Усмешка эта шевельнула что-то неназываемое в памяти Джорджа Гордона, он поколебался, но все-таки произнес – неожиданно для себя самого:
– Знаешь… давно хотел узнать у тебя… стало быть, те слухи, что ходили у нас, чего ради Джеймс взбеленился на тебя… всё правда?
Не вполне понятно было, что Хантли имеет в виду – измену государю или обольщение государыни.
– Ну, а сам-то как думаешь? – спросил в ответ Белокурый, уже не улыбаясь.
И Джордж Гордон Хантли, споткнувшись об этот пристальный, стальной взгляд, вдруг отчего-то почувствовал себя неловко и не смог дать себе ясного ответа, и с этим знанием о друге детства и родственнике ему предстояло жить остаток лет… но Джордж предпочел не усложнять отношения мелочами.
– Ладно, что бы там ни было прежде, Патрик, сейчас-то ты – лорд королевы… однако ведь и Дугласы не простят.
«Не простят» – слабо сказано. Если Ангус пойдет на союз с Белокурым и будет потом обманут – гневу его не будет равных ни на равнинах, ни в горах, в добавление к той-то, прежней, стойкой ненависти.
– Не простят – быстрее сдохнут, – кратко отвечал Босуэлл. – Это уж моя печаль, кузен, и моя забота. Если Ангус первый зажжет пламя междоусобицы в Мидлотиане – там, где этого не могу сделать я, самый миролюбивый и законопослушный среди баронов Марии де Гиз…
– Тебе это только на руку, – прошептал осененный догадкой Хантли и немедленно выпил, чтобы сдержать чувства. – Любой исход… ты все просчитал.
– Почти.
Пока первый стюард нарезал оленину, пока широким ножом разваливал на чеканном серебряном блюде розоватые куски сочного мяса, поливал их горчичным соусом, сотрапезники снова молчали, жадно принявшись за еду – и если в Хантли говорила понятная усталость, то Босуэлла сжигала изнутри острота момента, лихорадочное желание деятельности.

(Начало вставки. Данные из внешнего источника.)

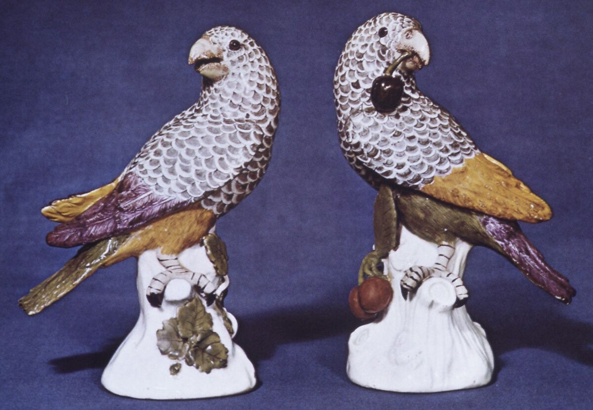 Porcelain birds have their origins in the princely tradition of maintaining collections of living animals and birds in menageries and aviaries, which were viewed as microcosms of the universe, and emblems of royal power and enlightenment. These collections often included exotic birds such as parrots, admired for their rarity, as well as more familiar native species.

Он ел, не чувствуя вкуса, кроме вкуса виски, который предпочел и бордо, и элю. Виски и лошади – лучшее, что есть за душой у кузена Джорджи, лучшее и самое живое. Но между говядиной и слоеным пирогом с мелкой птицей Джорджи снова заговорил:
– Но кого выбрать, чтобы предложить Аррану – как нового, подставного тюремщика кардинала? Сазерленд – слишком откровенно, Флеминг…
– Флеминг держит руку англичан, уж поверь мне.
Хантли мудро не стал выяснять у кузена источник данных такой точности:
– Мэтвен, Эрскин… – Патрик молча покачал головой, продолжая есть. – Может, тогда твой двоюродный братец Ситон? Он ведь слывет за отдельного, ни нашим, ни вашим.
– Ситон подойдет. У Ситона вечно на лице этот печальный вид борзой, которой не досталось кабаньих потрохов – даже если рука его при этом блуждает в декольте молоденькой фрейлины…
– Что ты… После второй женитьбы он переменил привычки, ты же знаешь.
Лорды расхохотались, затем Босуэлл посерьезнел и уточнил:
– Касательно Аррана – только не переумоляй его, Джорджи. Что, если он в самом деле велит Дугласам избавиться от кардинала, а те передадут его мне – ну, и что я с ним буду делать?
– Подаришь королеве на Пасху, перевязав золотой ленточкой, – осклабился Джорджи.
– Обмолвись об этом случайно, проговорись, как ты можешь, – улыбнулся Белокурый. – А после вырази сожаление, что, мол, сорвалось с языка… пусть регент вытягивает из тебя слово за слово всю историю, понимаешь?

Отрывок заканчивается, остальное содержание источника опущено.